# Depressed and wondering if Seperation is the answer



## daisykay (Mar 17, 2010)

Hi, I am new here. I have been married for 5 years now, and we have 2 daughters ages 4 and 3. I have been suffering with depression for over 2 years now. I am finally on meds that are starting to work a bit and I am able to start thinking for myself a bit. I have been unhappy with my husband, basically before we even got married. 4 months before the wedding he told me that he had been cheating on my our whole relationship. He swears and promises now that he has never done anything since we were married and never will, but you can imagine how little trust I have in him. I am not sexually attracted to him, and he was a very angry person and I was always affraid of his reaction to certain situations. Lately we have talked about it so much and he knows that I wanted to seperate and that I am not happy. He knows I am going through this depression and he is trying to be supportive, but I always wonder if it is because of him that I am in this, he has even said that before too that he thinks he put me here. Lately he has stopped drinking (which was a major problem) but only for 3 months he says, and he is going to the gym to loose weight and get healthy. He is doing all these things, but I just don't think it is worth it. I feel that it is already over inside of me. But, what if that is just the depression talking and I can be happy with him. I try to figure out how to leave, but I can't. we just bought a house, which I could live in and rent out the rooms, but I have kids, so I don't know about that. I don't know if I would be able to afford day care and a place of my own. He just lost his mother in August and his father has already passed away, so he has no one, I am worried that he wouldn't be able to afford child suuport either, I don't know who he would live with, or how he would survive. I know I can't think of him, but I am just so confused I don't know what to do. I am rambling, sorry! I don't knwo how to go about kicking him out if that is the answer either. I have told him many times, I think we need to seperate and he just says No, we will work it out, and I am sick and we can't seperate now becuaes I am sick.... Okay, that's enough ramblilng, thank you for listening, I would love to hear any advise, opinion or anything. 
Thanks!


----------



## bestplayer (Jan 23, 2010)

daisykay said:


> Hi, I am new here. I have been married for 5 years now, and we have 2 daughters ages 4 and 3. I have been suffering with depression for over 2 years now. I am finally on meds that are starting to work a bit and I am able to start thinking for myself a bit. I have been unhappy with my husband, basically before we even got married. 4 months before the wedding he told me that he had been cheating on my our whole relationship. He swears and promises now that he has never done anything since we were married and never will, but you can imagine how little trust I have in him. I am not sexually attracted to him, and he was a very angry person and I was always affraid of his reaction to certain situations. Lately we have talked about it so much and he knows that I wanted to seperate and that I am not happy.

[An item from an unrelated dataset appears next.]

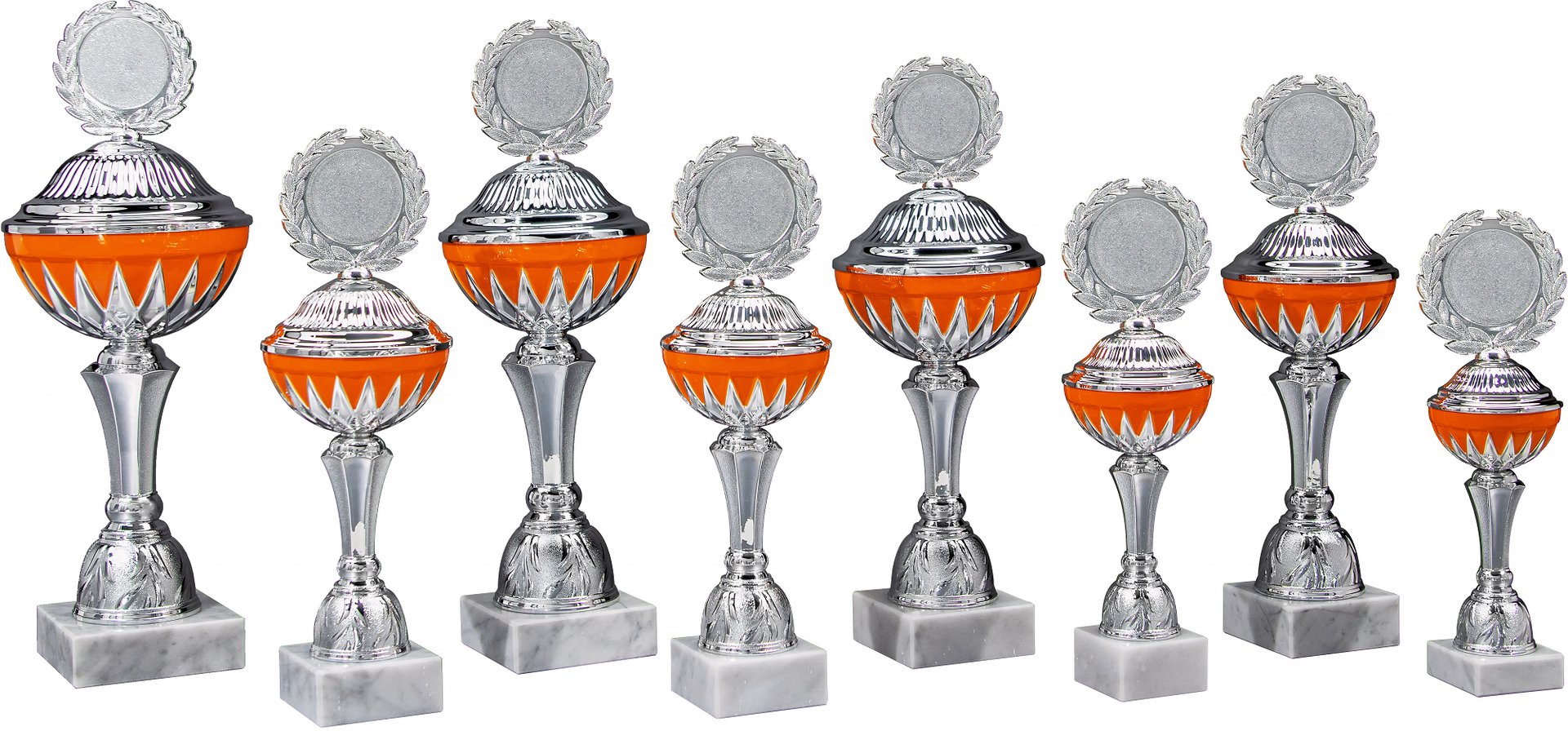 Pokal in Silber, Orange von 25,7 cm – 38,5 cm Höhe in Standard Qualität. Individuelle Sockelbeschriftung auf Gravurplatte. Emblem in 50 mm Durchmesser wählbar aus über 300 Designs oder einem eigenen Emblem. Dieser Pokal ist universell für jede Zielgruppe/Sportart einsetzbar. Als 8er-Serie erhältlich.

He knows I am going through this depression and he is trying to be supportive, but I always wonder if it is because of him that I am in this, he has even said that before too that he thinks he put me here. Lately he has stopped drinking (which was a major problem) but only for 3 months he says, and he is going to the gym to loose weight and get healthy. He is doing all these things, but I just don't think it is worth it. I feel that it is already over inside of me. But, what if that is just the depression talking and I can be happy with him. I try to figure out how to leave, but I can't. we just bought a house, which I could live in and rent out the rooms, but I have kids, so I don't know about that. I don't know if I would be able to afford day care and a place of my own. He just lost his mother in August and his father has already passed away, so he has no one, I am worried that he wouldn't be able to afford child suuport either, I don't know who he would live with, or how he would survive. I know I can't think of him, but I am just so confused I don't know what to do. I am rambling, sorry! I don't knwo how to go about kicking him out if that is the answer either. I have told him many times, I think we need to seperate and he just says No, we will work it out, and I am sick and we can't seperate now becuaes I am sick.... Okay, that's enough ramblilng, thank you for listening, I would love to hear any advise, opinion or anything.
> Thanks!


daisykay in ur post its not clear what exactly made u fall out of love with ur husband ? and why did u marry him when u said , u were not happy with him before marriage ?
If the reasons for ur not being in love with him are something that can be fixed , u should consider counselling .

However if u find no apparent reasons & yet u feel no love for him or feel it is over , then perhaps u have already checked out from ur marriage .
Even if he tries his best to work it out it will fail unless u too want to save the marriage . 
If u have no desire to be with him u should leave him , it doesn't matter if he lost his mother , or how he will survive ,
every one can survive on his own .

best of luck


----------